Eventual Consistency / Episode 14

IBM Buys Confluent: What It Means for the Data Stack

with Ross Katz & James Winegar

· 32:15

The Deal

IBM announced the acquisition of Confluent for approximately $11 billion, marking one of the largest data infrastructure acquisitions in recent history. In this episode, Ross and James break down what this deal means for data teams, the Kafka ecosystem, and the broader streaming landscape.

Key Takeaways

This is IBM buying distribution, not technology

IBM already has robust messaging and integration middleware. What Confluent gives them is the developer community, the cloud-native go-to-market motion, and the de facto standard for event streaming. The technology matters, but the real asset is Confluent’s position in the modern data stack.

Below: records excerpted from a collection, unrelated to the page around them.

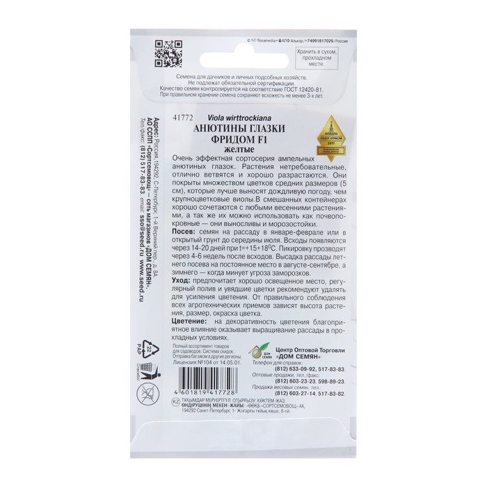 Семена цветов Анютины глазки "Фридом F1" желтые, 5 шт
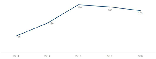 - (배경) 중국 정부의 엄격한 자본 통제와 미국의 규제로 인하여 중국 투자 기업으로부터 미국 내 투자가 감소함 ∙ 2017년 중국은 미국에 대한 투자 감소를 가속화시키는 해외 투자에 대한 규제를 발표하였으며, 이는 중국 정부가 자금에 대한 통제를 강화하고 위안화를 안정화시키려는 목적으로 평가됨 ∙ 또한 최근 미국의 대미외국인투자승인위원회(Committee on Foreign Investment in the United States, CFIUS)는 잠재적인 국가안보위협이라는 사유로 중국 투자 기업의 미국 기업 인수와 관련하여 여러 건의 부적격 결정을 내린 바 있음 - (주요내용) CB Insight社의 자료에 따르면, 중국 투자 기업들의 미국 기술 기업에 대한 투자는 2015년 최고치보다 2017년 12% 하락한 것으로 나타남 ∙ 미국 기술 기업에 투자한 중국 투자는 2015년 최대치를 기록한 후 2년 연속 감소함
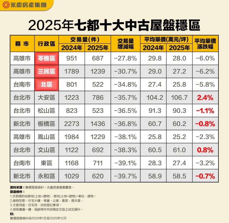 在台灣央行信用管制持續影響下,近一年房市交易量普遍出現下滑,但市場上仍有交易衝擊相對小的區域。永慶房產集團統計七都各行政區近一年中古屋交易量增減幅,數據顯示,交易量量縮幅度最少前三名由高雄和台南包辦,其中高雄苓雅區位居第一,交易量縮減不到 3 成,成全台交易量減幅最小行政區。

The managed Kafka market just got more interesting

With Confluent under IBM’s umbrella, competitors like Redpanda and AWS MSK have an opportunity to capture teams that are nervous about IBM’s track record with acquisitions. The open-source Kafka project itself remains independent, but Confluent’s commercial extensions and managed service are now IBM products.

What data leaders should do now

Do not panic-migrate. Instead, audit your Confluent dependencies — distinguish between open-source Kafka features and Confluent-proprietary capabilities (Schema Registry, ksqlDB, Confluent Cloud features). If you are heavily dependent on proprietary features, start evaluating portability. If you are primarily using open-source Kafka, you have plenty of optionality.

Transcript not yet available for this episode.

Frequently Asked Questions

Why did IBM acquire Confluent?
IBM's acquisition of Confluent for $11B signals a bet on real-time data infrastructure as a core enterprise capability. With Kafka already running in most Fortune 500 companies, IBM gains a dominant position in event streaming — complementing their existing middleware and integration portfolio.
What does the IBM-Confluent deal mean for Kafka users?
In the short term, not much changes — Confluent Cloud and Confluent Platform will continue operating. Long term, the concern is whether IBM's enterprise sales culture will slow Confluent's product velocity, and whether pricing will shift toward traditional enterprise licensing.
Should data teams consider alternatives to Confluent after the acquisition?
It is too early to migrate based on speculation. Monitor IBM's integration plans, watch for pricing changes, and ensure your architecture is not deeply coupled to Confluent-specific features. Redpanda and AWS MSK are viable alternatives if you need to hedge.